EXERCISE OBJECTIVE ▸
Leave the pictures out, and transcribe the material below exactly from the line with "Gatorade Prime Energy" to the line with "Hengyuanxiang wool heating", both lines included.

Start of DATA TO PROCESS

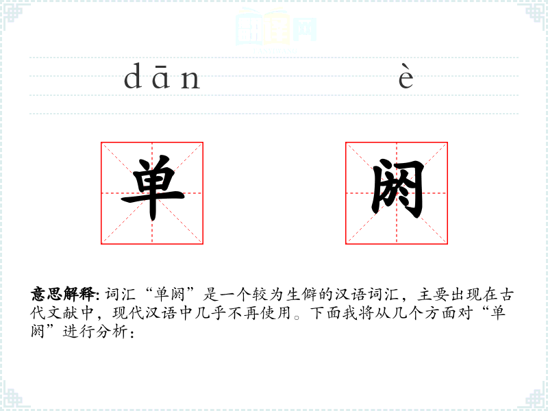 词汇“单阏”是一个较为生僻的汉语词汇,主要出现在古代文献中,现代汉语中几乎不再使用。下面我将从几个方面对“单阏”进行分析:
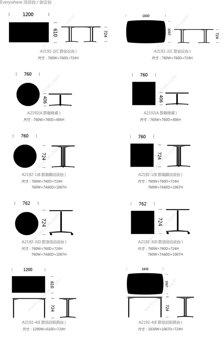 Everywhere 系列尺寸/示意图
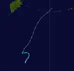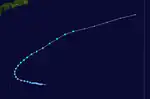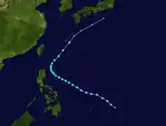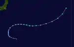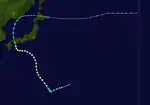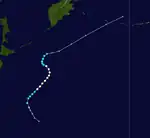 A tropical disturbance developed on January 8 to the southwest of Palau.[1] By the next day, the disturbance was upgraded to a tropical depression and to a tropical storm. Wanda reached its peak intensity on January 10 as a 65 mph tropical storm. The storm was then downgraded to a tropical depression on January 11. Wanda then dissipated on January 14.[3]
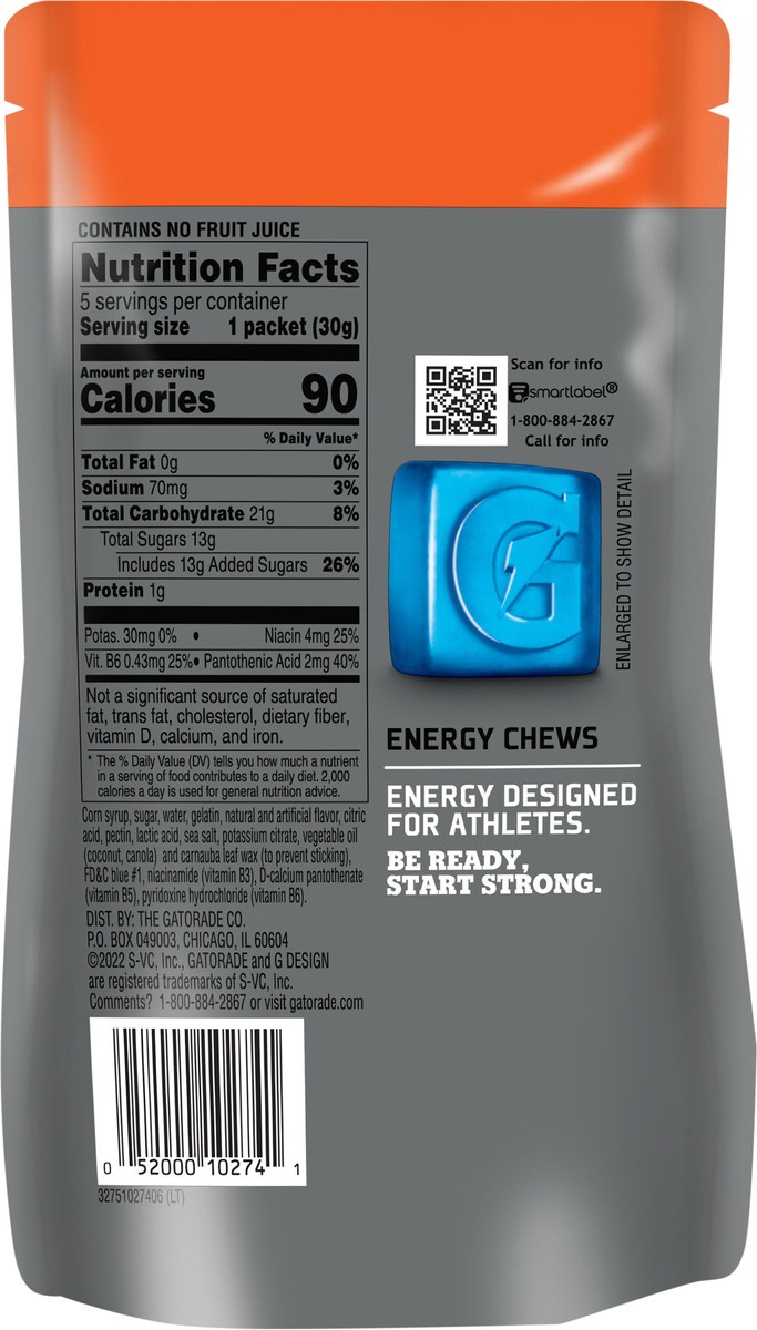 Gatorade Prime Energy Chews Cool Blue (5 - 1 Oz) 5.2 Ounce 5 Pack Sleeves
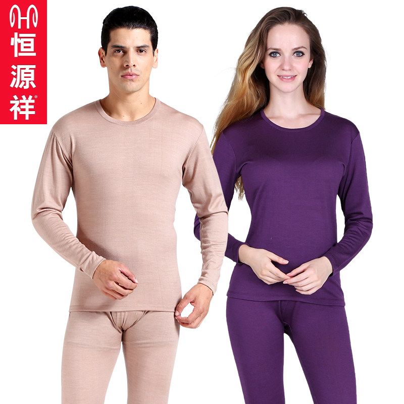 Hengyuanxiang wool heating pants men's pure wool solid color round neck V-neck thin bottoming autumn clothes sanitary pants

End of DATA TO PROCESS
Start of DATA TO PROCESS

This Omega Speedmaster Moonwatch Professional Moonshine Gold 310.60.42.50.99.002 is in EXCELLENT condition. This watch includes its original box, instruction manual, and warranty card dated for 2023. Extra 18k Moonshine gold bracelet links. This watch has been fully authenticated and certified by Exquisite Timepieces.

End of DATA TO PROCESS

RESPONSE ▸
 Gatorade Prime Energy Chews Cool Blue (5 - 1 Oz) 5.2 Ounce 5 Pack Sleeves
 Hengyuanxiang wool heating pants men's pure wool solid color round neck V-neck thin bottoming autumn clothes sanitary pants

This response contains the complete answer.